2022-02-23 00:00:00 python pandas python-multiprocessing multiprocessing memory

问题描述

我已经将程序(如下)写到：

将大型文本文件读取为pandas dataframe
然后groupby使用特定列值拆分数据并存储为数据帧列表。
然后通过管道将数据传送到multiprocess Pool.map()以并行处理每个数据帧。

一切都很好，程序在我的小测试数据集上运行良好。但是，当我输入我的大数据(大约14 GB)时，内存消耗呈指数级增加，然后冻结计算机或被杀死(在HPC集群中)。

我已经添加了代码，以便在数据/变量无用时立即清除内存。一做好，我也会马上把游泳池关起来。对于14 GB的输入，我原本预计只有2*14 GB的内存负担，但是看起来有很多问题。我还尝试使用chunkSize and maxTaskPerChild, etc进行调整，但我没有看到两个测试与大文件在优化方面有什么不同。

我认为当我启动multiprocessing时，需要在此代码位置改进此代码。

p = Pool(3) # number of pool to run at once; default at 1 result = p.map(matrix_to_vcf, list(gen_matrix_df_list.values())) 但是，我要发布整个代码。

测试示例：我创建了一个大小为250mb的测试文件("genome_Matrix_inal-chr1234-1mb.txt")，并运行了该程序。当我检查系统监视器时，我可以看到内存消耗增加了大约6 GB。我不太清楚为什么250MB的文件加上一些输出占用了这么多的内存空间。我已经通过Dropbox分享了那个文件，如果它有助于看到真正的问题。
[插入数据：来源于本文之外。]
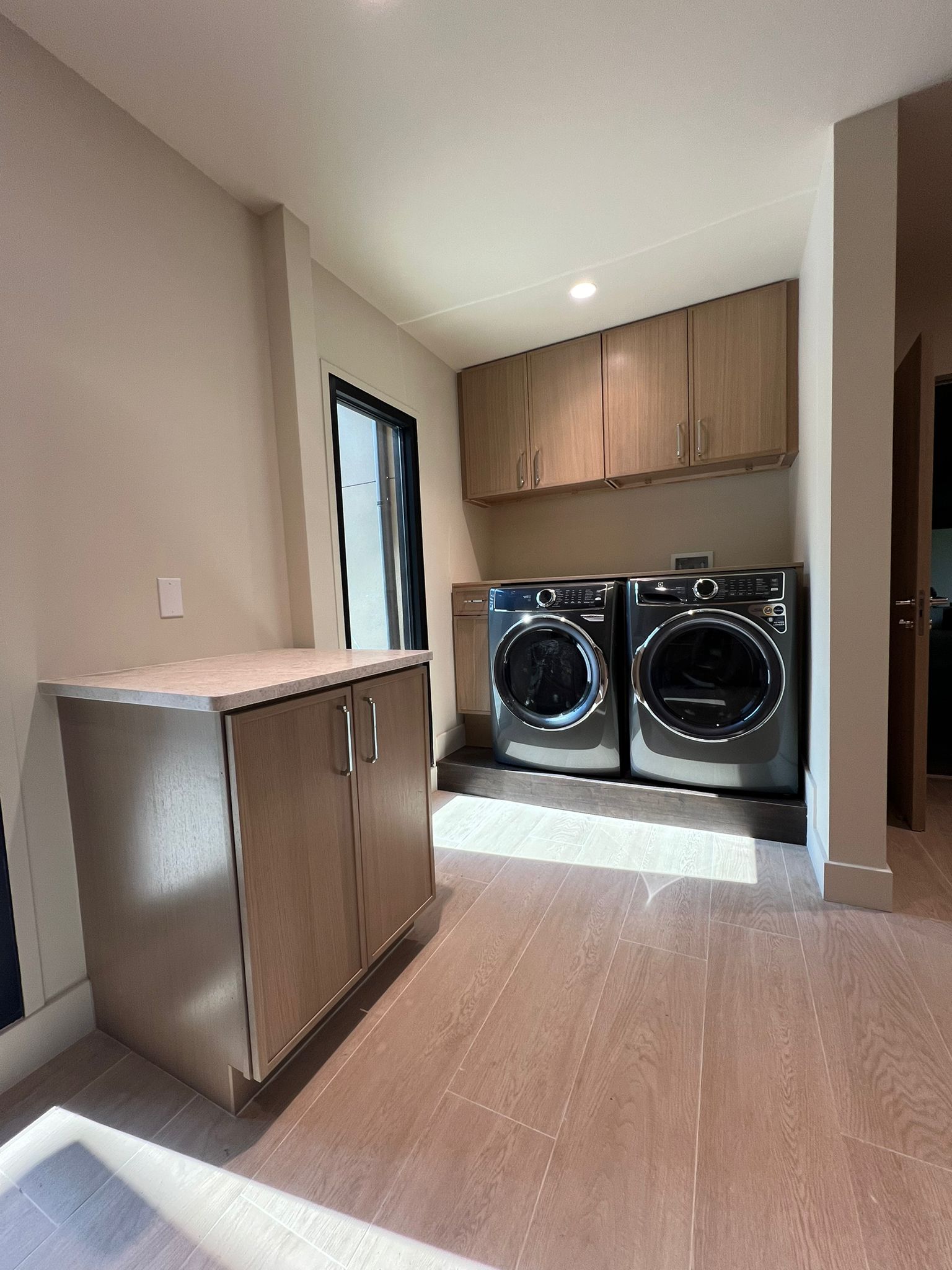 Stunning contemporary design blending warm wood tones with crisp white cabinetry in this Orlando residence. The centerpiece marble island provides both beauty and functionality for this growing family's daily needs.

https://www.dropbox.com/sh/coihujii38t5prd/AABDXv8ACGIYczeMtzKBo0eea?dl=0

有没有人能建议一下，我怎样才能摆脱这个问题？

我的python脚本：

#!/home/bin/python3

import pandas as pd
import collections
from multiprocessing import Pool
import io
import time
import resource

print()
print('Checking required modules')
print()


''' change this input file name and/or path as need be '''
genome_matrix_file = "genome_matrix_final-chr1n2-2mb.txt"   # test file 01
genome_matrix_file = "genome_matrix_final-chr1234-1mb.txt"  # test file 02
#genome_matrix_file = "genome_matrix_final.txt"    # large file 

def main():
    with open("genome_matrix_header.txt") as header:
        header = header.read().rstrip('
').split('	')
        print()

    time01 = time.time()
    print('starting time: ', time01)

    '''load the genome matrix file onto pandas as dataframe.
    This makes is more easy for multiprocessing'''
    gen_matrix_df = pd.read_csv(genome_matrix_file, sep='	', names=header)

    # now, group the dataframe by chromosome/contig - so it can be multiprocessed
    gen_matrix_df = gen_matrix_df.groupby('CHROM')

    # store the splitted dataframes as list of key, values(pandas dataframe) pairs
    # this list of dataframe will be used while multiprocessing
    gen_matrix_df_list = collections.OrderedDict()
    for chr_, data in gen_matrix_df:
        gen_matrix_df_list[chr_] = data

    # clear memory
    del gen_matrix_df

    '''Now, pipe each dataframe from the list using map.Pool() '''
    p = Pool(3)  # number of pool to run at once; default at 1
    result = p.map(matrix_to_vcf, list(gen_matrix_df_list.values()))

    del gen_matrix_df_list  # clear memory

    p.close()
    p.join()


    # concat the results from pool.map() and write it to a file
    result_merged = pd.concat(result)
    del result  # clear memory

    pd.DataFrame.to_csv(result_merged, "matrix_to_haplotype-chr1n2.txt", sep='	', header=True, index=False)

    print()
    print('completed all process in "%s" sec. ' % (time.time() - time01))
    print('Global maximum memory usage: %.2f (mb)' % current_mem_usage())
    print()


'''function to convert the dataframe from genome matrix to desired output '''
def matrix_to_vcf(matrix_df):

    print()
    time02 = time.time()

    # index position of the samples in genome matrix file
    sample_idx = [{'10a': 33, '10b': 18}, {'13a': 3, '13b': 19},
                    {'14a': 20, '14b': 4}, {'16a': 5, '16b': 21},
                    {'17a': 6, '17b': 22}, {'23a': 7, '23b': 23},
                    {'24a': 8, '24b': 24}, {'25a': 25, '25b': 9},
                    {'26a': 10, '26b': 26}, {'34a': 11, '34b': 27},
                    {'35a': 12, '35b': 28}, {'37a': 13, '37b': 29},
                    {'38a': 14, '38b': 30}, {'3a': 31, '3b': 15},
                    {'8a': 32, '8b': 17}]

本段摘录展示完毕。